DETAILED DESCRIPTION OF THE INVENTION
[0186] The principles of the invention are disclosed, by way of
example, within a structural channel system 100 illustrated in
FIGS. 1-92. A perspective view of major components of the
structural channel system 100, as installed within a building
structure which may comprise a reconfigurable commercial interior,
is illustrated in FIG. 1. A structural layout of the structural
channel system 100 employing certain of its components is
illustrated in FIG. 4. The structural channel system 100 comprises
an overhead structure providing significant advantages in
environmental workspaces. As examples, the structural channel
system 100 in accordance with the invention facilitates access to
locations where a commercial interior designer may wish to locate
various functional elements, including lighting, sound equipment,
projection equipment (both screens and projectors), power poles,
other means for energizing and providing data to and from
electrical and communication devices, and other utilitarian
elements.
[0187] As will be described in greater detail in subsequent
paragraphs herein, the structural channel system 100 in accordance
with the invention includes what may be characterized as a "grid"

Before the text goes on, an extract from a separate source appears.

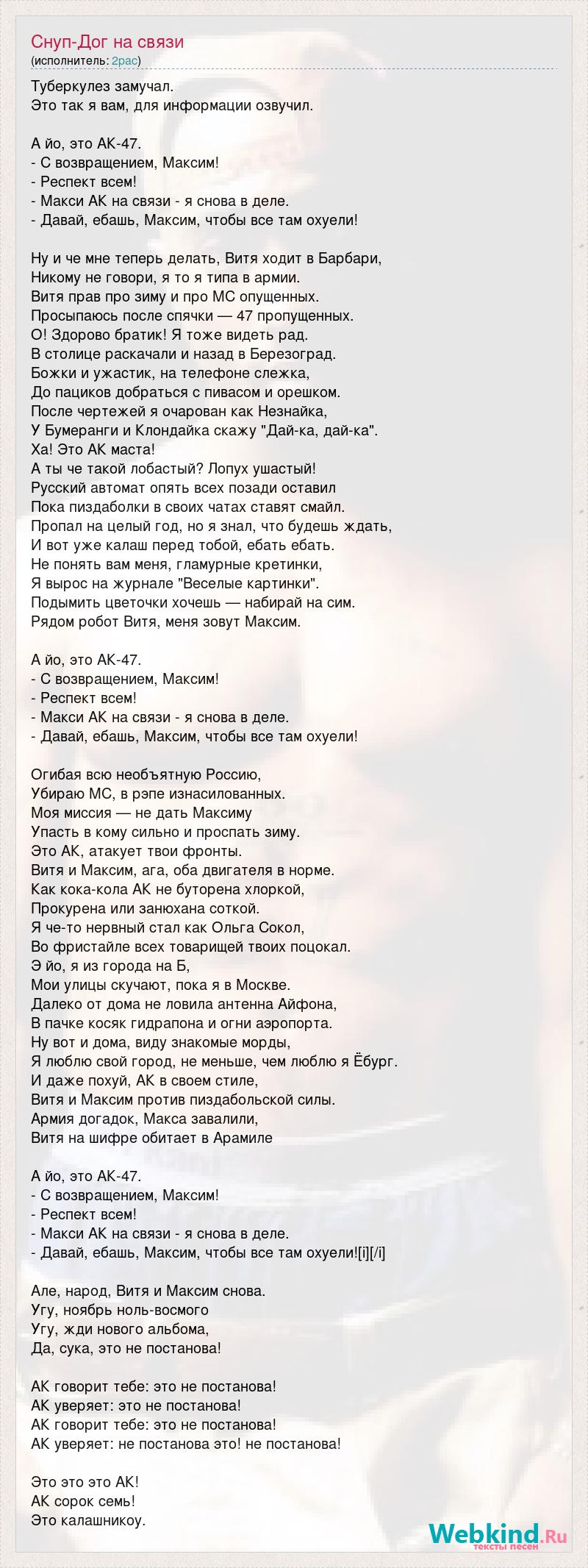 Туберкулез замучал. Это так я вам, для информации озвучил. А йо, это АК-47. - С возвращением, Максим! - Респект всем! - Макси АК на связи - я снова в деле. - Давай, ебашь, Максим, чтобы все там охуели! Ну и че мне теперь делать, Витя ходит в Барбари, Никому не говори, я то я типа в армии. Витя прав про зиму и про MC опущенных. Просыпаюсь после спячки — 47 пропущенных. О! Здорово братик! Я тоже видеть рад. В столице раскачали и назад в Березоград. Божки и ужастик, на телефоне слежка, До пациков добраться с пивасом и орешком. После чертежей я очарован как Незнайка, У Бумеранги и Клондайка скажу "Дай-ка, дай-ка". Ха! Это АК маста! А ты че такой лобастый? Лопух ушастый! Русский автомат опять всех позади оставил Пока пиздаболки в своих чатах ставят смайл. Пропал на целый год, но я знал, что будешь ждать, И вот уже калаш перед тобой, ебать ебать. Не понять вам меня, гламурные кретинки, Я вырос на журнале "Веселые картинки". Подымить цветочки хочешь — набирай на сим. Рядом робот Витя, меня зовут Максим. А йо, это АК-47. - С возвращением, Максим! - Респект всем! - Макси АК на связи - я снова в деле. - Давай, ебашь, Максим, чтобы все там охуели! Огибая всю необъятную Россию, Убираю MC, в рэпе изнасилованных. Моя миссия — не дать Максиму Упасть в кому сильно и проспать зиму. Это АК, атакует твои фронты. Витя и Максим, ага, оба двигателя в норме. Как кока-кола АК не буторена хлоркой, Прокурена или занюхана соткой. Я че-то нервный стал как Ольга Сокол, Во фристайле всех товарищей твоих поцокал. Э йо, я из города на Б, Мои улицы скучают, пока я в Москве. Далеко от дома не ловила антенна Айфона, В пачке косяк гидрапона и огни аэропорта. Ну вот и дома, виду знакомые морды, Я люблю свой город, не меньше, чем люблю я Ёбург. И даже похуй, АК в своем стиле, Витя и Максим против пиздабольской силы. Армия догадок, Макса завалили, Витя на шифре обитает в Арамиле А йо, это АК-47. - С возвращением, Максим! - Респект всем! - Макси АК на связи - я снова в деле. - Давай, ебашь, Максим, чтобы все там охуели![i][/i] Але, народ, Витя и Максим снова. Угу, ноябрь ноль-восмого Угу, жди нового альбома, Да, сука, это не постанова! АК говорит тебе: это не постанова! АК уверяет: это не постанова! АК говорит тебе: это не постанова! АК уверяет: не постанова это! не постанова! Это это это АК! АК сорок семь! Это калашникоу.
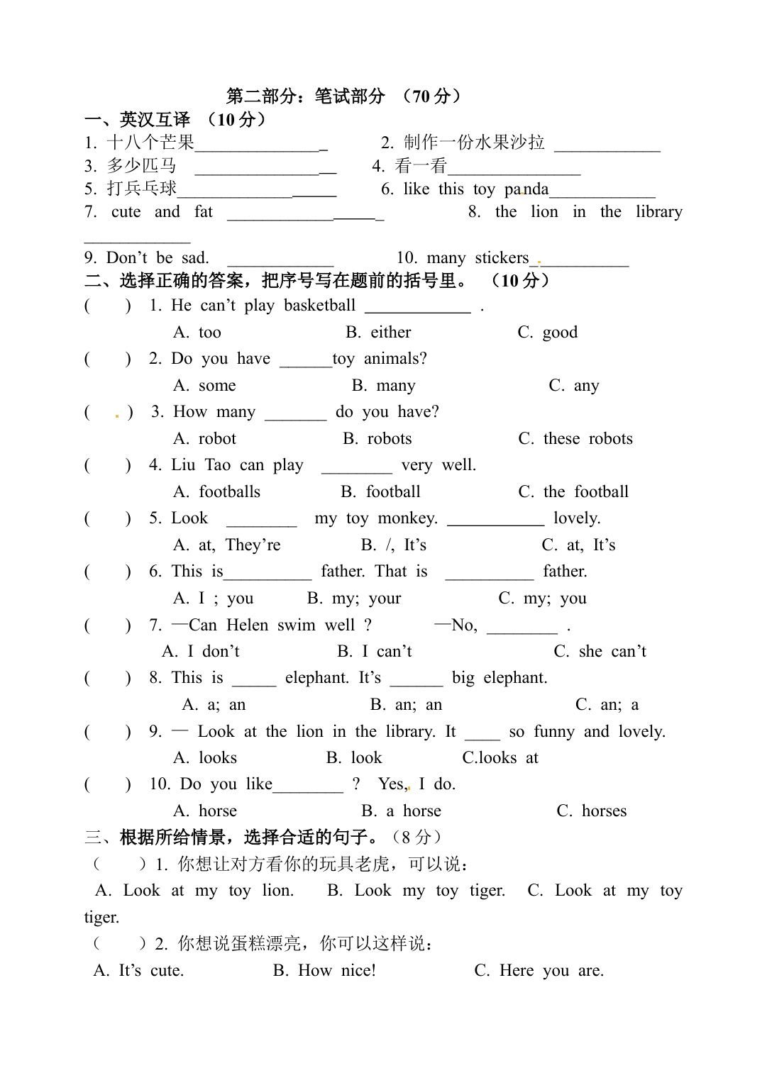 下一篇:译林版(三起)四年级上册期中测试卷(3)含听力

which essentially forms a base structure for various
implementations of the structural channel system. The utilitarian
elements referred to herein, for purposes of definition, are
characterized as "devices." Such devices, which may be programmed
to establish control relationships (such as a series of switches
and a series of light fixtures), are referenced herein as
"applications." In addition, the structural channel system 100
facilitates flexibility and reconfiguration in the location of
various devices, which may be supported and mounted in a releasable
and reconfigurable manner within the structural channel system 100.
Still further, the structural channel system 100 in accordance with
the invention may carry not only AC electrical power (of varying
voltages), but also may carry DC power and communication
signals.
[0188] In accordance with further aspects of the invention, the
structural channel system 100 may include a communication structure
which permits "programming" of control relationships among various
commercial devices. For example, "control relationships" may be
"programmed" among devices, such as switches, lights, and the like.
More specifically, with the structural channel system 100 in
accordance with the invention, reconfiguration is facilitated with
respect to expense, time and functionality. Essentially, the
commercial interior can be reconfigured in "real time." In this
regard, not only is it important that various functional devices
can be quickly relocated from a "physical" sense, but logical
relationships among the functional devices can also be altered. In
part, it is the "totality" of the differing aspects of a commercial
interior which are readily reconfigurable, and which provide some
of the inventive concepts of the structural channel system 100.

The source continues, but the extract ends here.